Aside from maybe 3 enjoyable 2 minute scenes and 3 chuckles being gained from them, Good Boys is one of the most thoroughly unenjoyable films I've ever seen. In film, there isn't anything much worse than a bad comedy. You can ironically enjoy a bad movie and be entertained from all the intended themes/acting chops/lines being butchered, but a film that intentionally tries to make you laugh and fails miserably then leaves you feeling sticky and uncomfortable. A bit rich coming from me if YOU don't think I'M remotely funny, but eh, this is just my opinion. And the horrible thing is that, unlike most other genres of film, comedies are perhaps the MOST subjective. I mean even in the previous sentence I brought forward the potential hypocrisy of me judging a comedy if YOU personally think I'm worse than the comedy in this film.

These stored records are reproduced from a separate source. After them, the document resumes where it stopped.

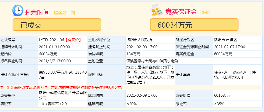 据了解,该项目也是于今年2月9日才成功被拍的,交单价约451万元/亩,楼面价约2333元/㎡,土地溢价率0.22%,为2021年至今洛阳市中心城区出让的首宗溢价地块。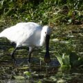 園内でクロツラヘラサギを見かけますが、その中にヘラサギが混ざっています。クロツラヘラサギに似ていますが、クロツラヘラサギは名前の通り顔(つら)が黒く、ヘラサギは顔が黒くないことで見分けることができます。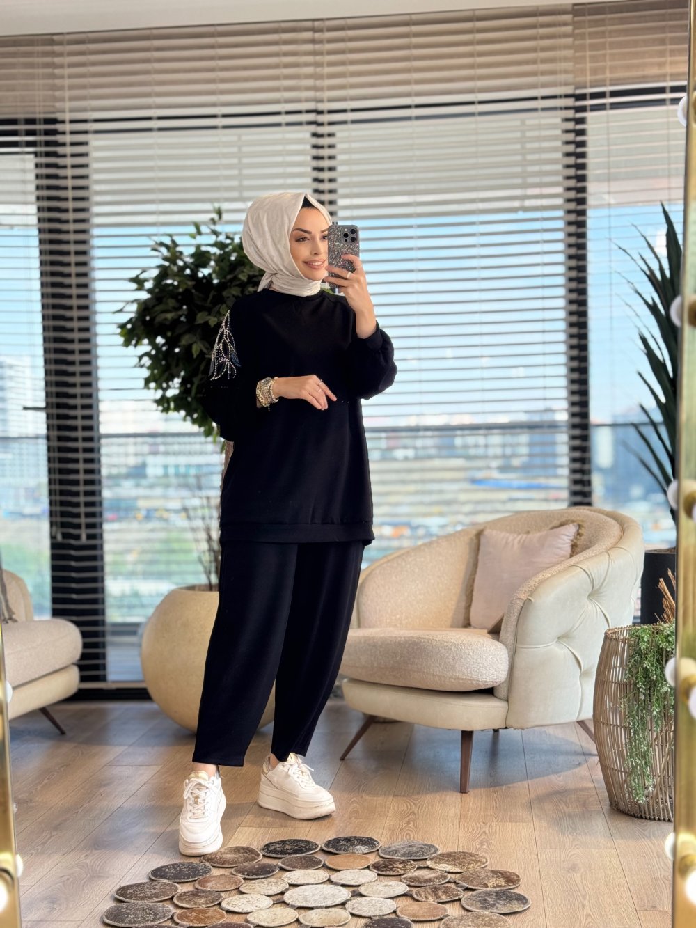 24361 Sol Omzu Boncuk İşli Tunik Siyah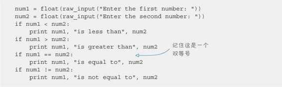 代码清单 7-1 显示了一个使用比较的示例程序。先在 IDLE 编辑器中创建一个新文件,键入这个程序并保存,把它命名为 compare.py。然后运行这个程序。试着用不同的数运行多次。可以试试不同的情况,比如第一个数较大、第一个数较小,以及两个数相等,看看会得到什么结果。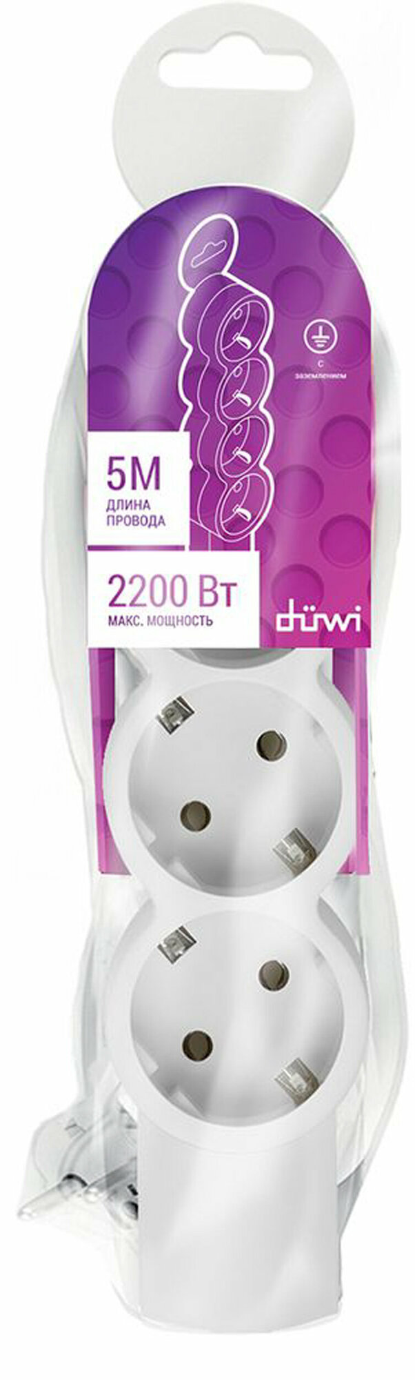Удлинитель Duwi 4 гнезда без выключателя с заземлением 5м 2200Вт 10А 32013 7

You can't help whatever makes you laugh and what sense of humour you have, and so when I say this film is hot trash, it probably wasn't to you - and that is more than okay. I loved Sausage Party, and others didn't. But what I like to think is that I disliked the film more on technical aspects to do with how to make a comedy film, and of course, more importantly - how I, as a parent of 3 kids (1 of which has been through the ages of these boys and 1 currently in the age range) can relate to the comedy and the intelligence behind the writing. I'm sure a defense for the film against what I didn't like would be that it's deliberately exaggerated (the kids behaving like dickhead jock adults), but when this deliberate exaggeration is ALL the film has going for it, and it cuts back and forth between sympathetic childishness and exaggerated grossness as graceful as an angry honey-badger, you're messing something up.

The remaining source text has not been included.